“Lyrics as Poetry”

We’re sort of in a paradoxical time now in music, because on one hand, while there are more people in the world than ever, it makes evermore sense for the main message of music to feature and revolve around spoken diction. At the same time, our increasing reliance on technology obviates the appropriateness of electronic music, electronica to be short, and such music for whatever reason is often entirely instrumental, contrasting sharply with “message”-based genres rendered anachronistic, like folk. And if you throw words over electronica, you almost deluge the proceedings into a flooded necessity of hip-hop, thus nullifying what we hope is our genre multiplicity.

Take a universally acclaimed album from last year like Kamasi Washington’s The Epic. It was a fresh, bouncy, and thoroughly professional take on jazz, and it met our ears not as some museum relic but as a dangerous and exciting art nugget for the 20-teens. Still, the listener couldn’t help but wield a CERTAIN pride in the activity, knowing that simply, “Hey, I’m listening to jazz! I’m so… cultured!”
Also, I think, the album did naturally spur a lot of looking around, CRAVING as it were a verbal message — lyrics. Sure, no lyrics is better than bad lyrics, but there’s still the factor of the actual world outside you, which we always feel the natural inclination to comment on.

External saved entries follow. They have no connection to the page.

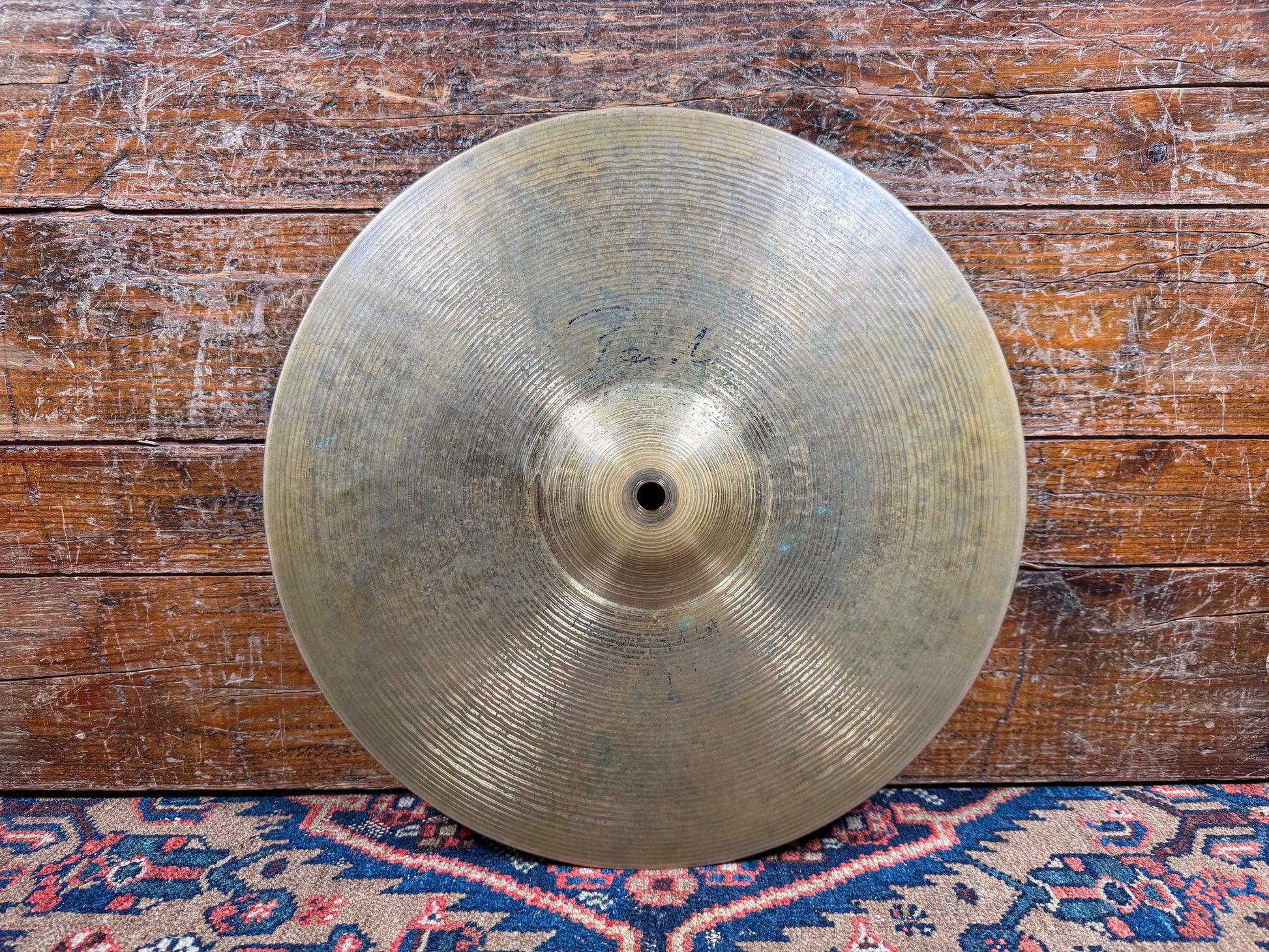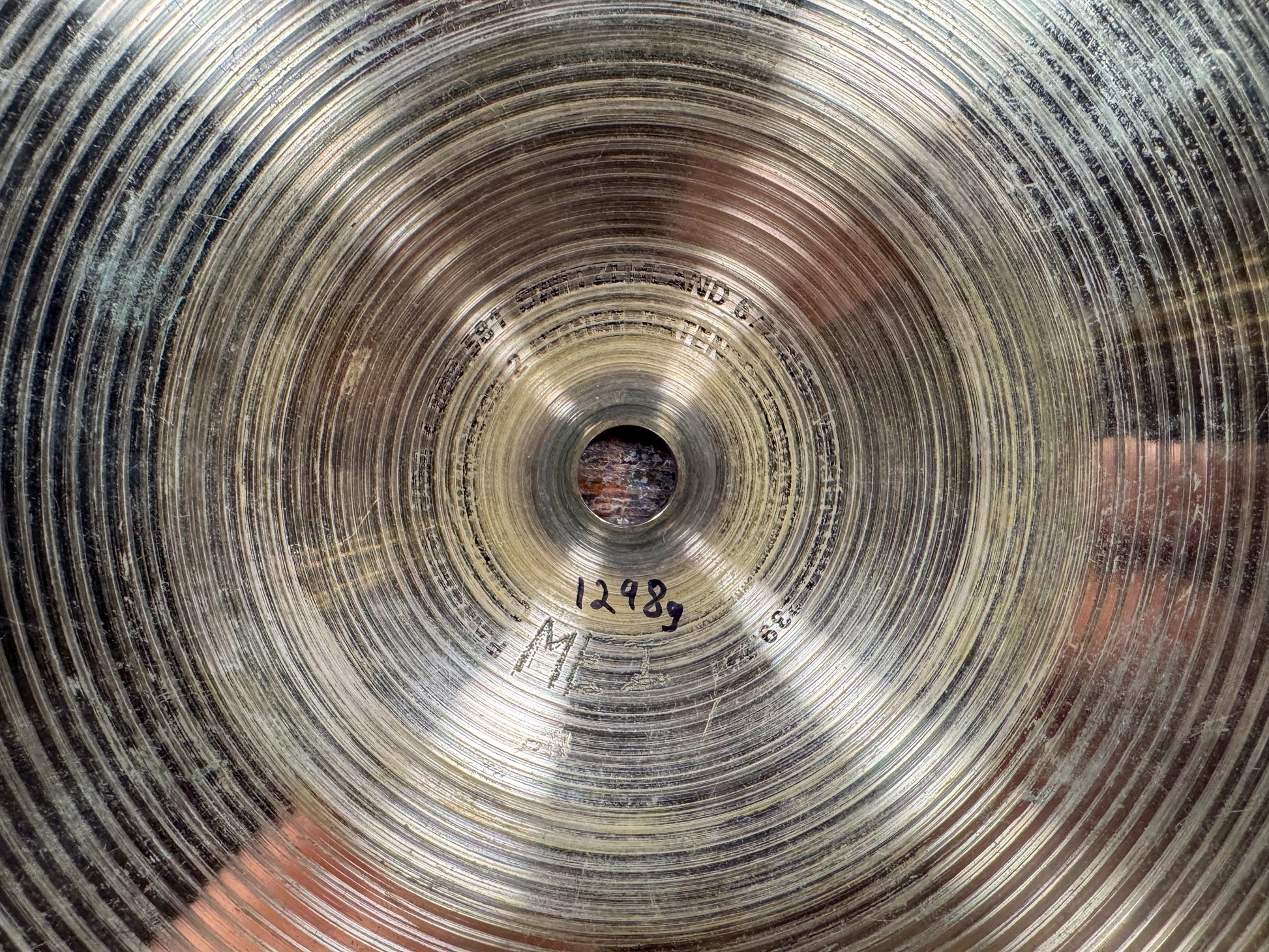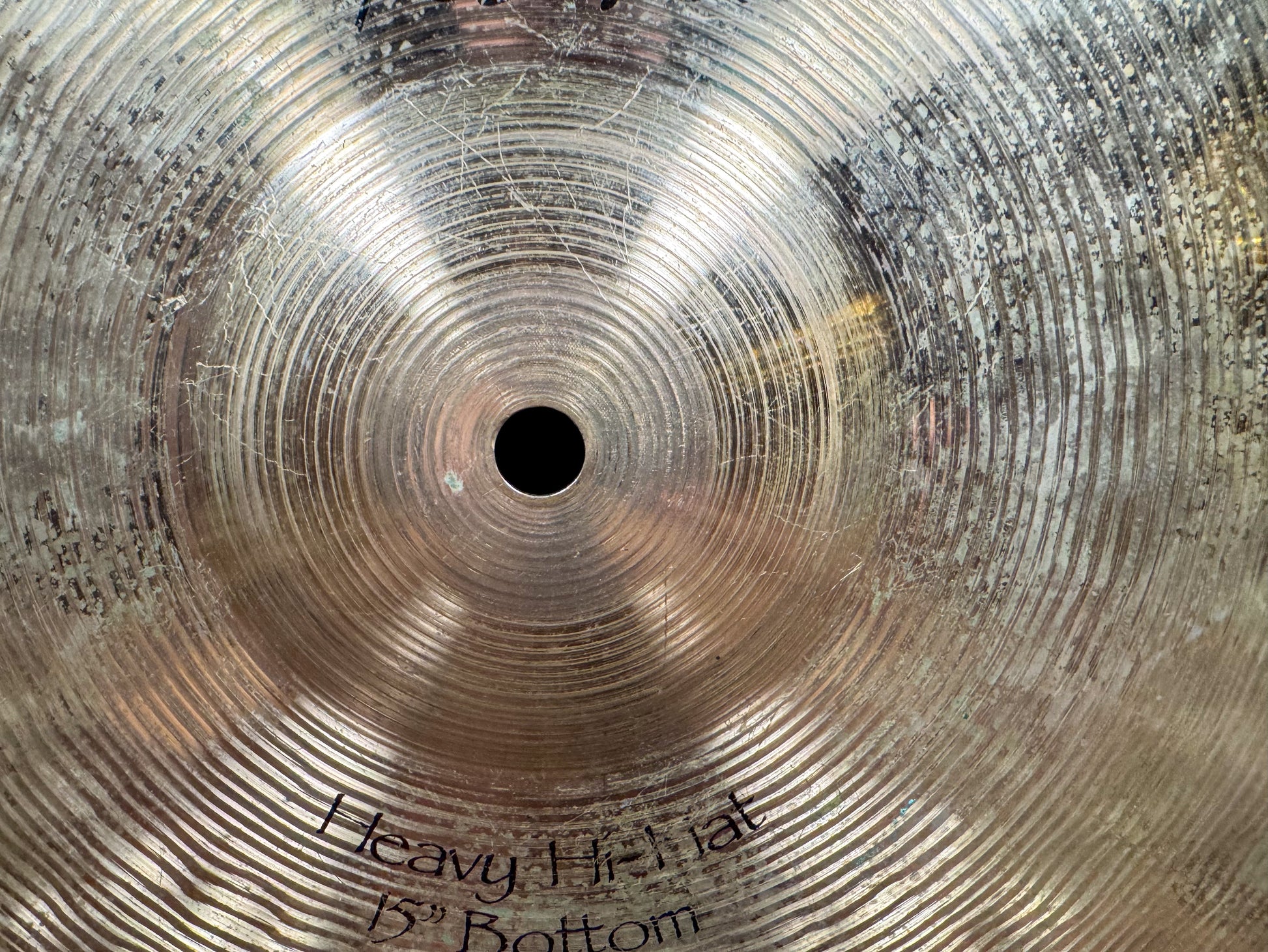 Bright, full, and brilliant, these cymbals have a clear, open sound that is perfect for heavier playing. Very balanced with a precise chick sound. No cracks, bends, flea bites, or keyhole. As evident from the bottom side bell photos, the initials "MEI" were etched in at some point. Top weighs in at 1298 grams and the bottom weighs 1474 grams.
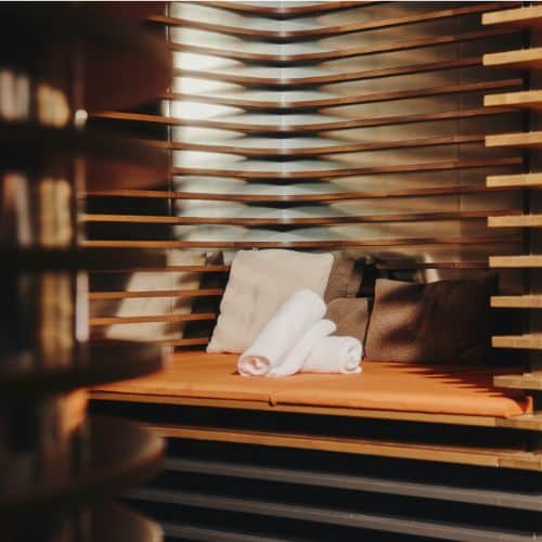 In der finnischen Sauna genießt du intensive Wärme bei hohen Temperaturen und niedriger Luftfeuchtigkeit. Die trockene Hitze hilft deinem Körper, tief zu entspannen, die Durchblutung zu fördern und Spannungen zu lösen. Der bewusste Wechsel zwischen Wärme und Abkühlung unterstützt die Regeneration, stärkt dein Körpergefühl und schafft einen klaren Moment der Ruhe.
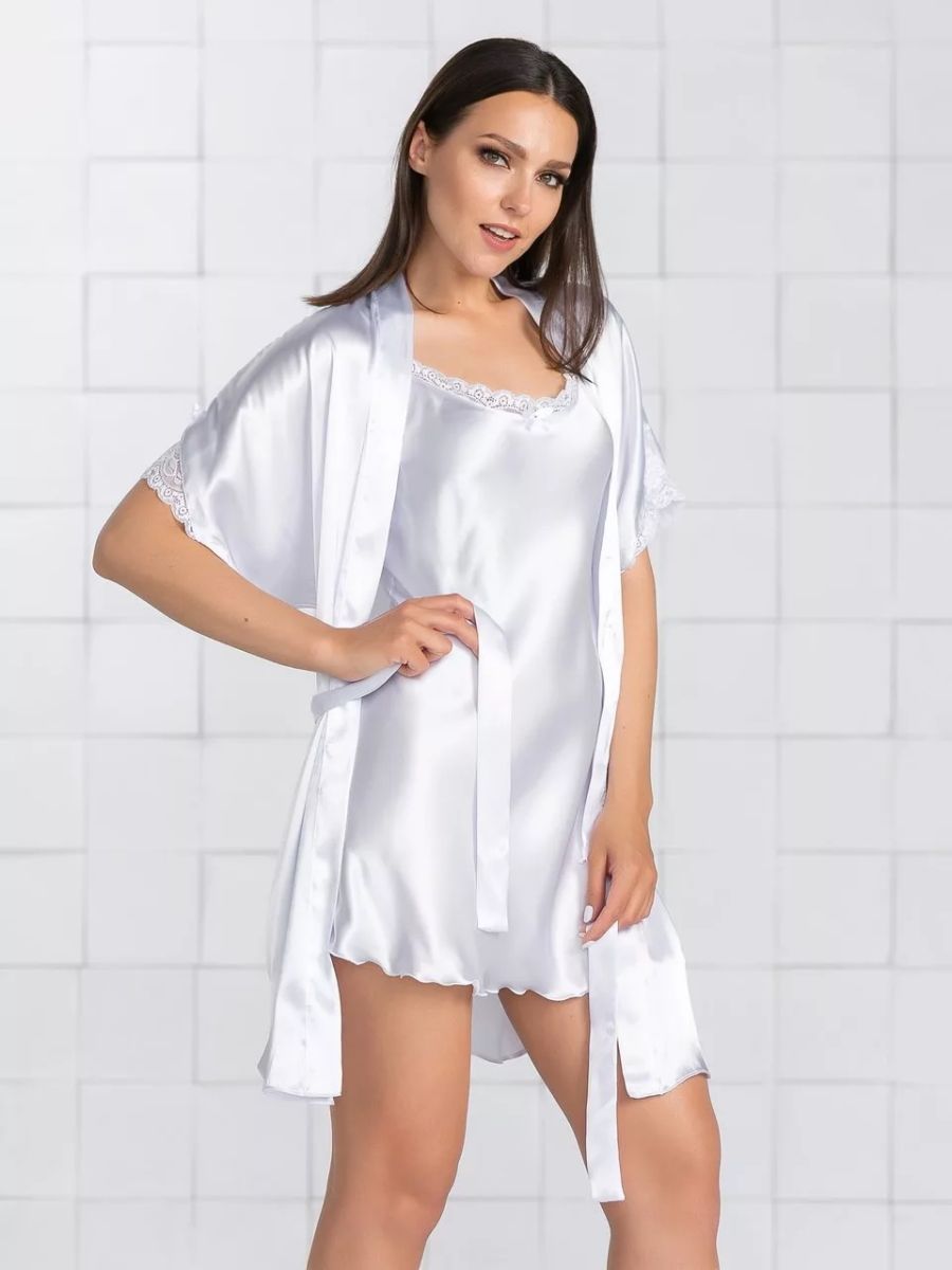 Короткий халат на запах из искусственного шелка, декорирован кружевом по рукаву.

Though, all the ambience could simply be atoning for all the times we were forced to listen to Taylor Swift.
One of my favorite songs of this new decade is Julia Holter’s “Fur Felix,” and the lyrics are complete nonsense, obviously: she’s going “Echo echo echo echo echo echo echo outside / Outside / Outside.” This should dictate that a song’s quality doesn’t necessarily HINGE on lyrical poignance (plus, this could be interpreted as some juvenile Gertrude Stein thing, maybe), but still, I dislike the idea of totally discarding the possibility of edification through the words in pop music themselves.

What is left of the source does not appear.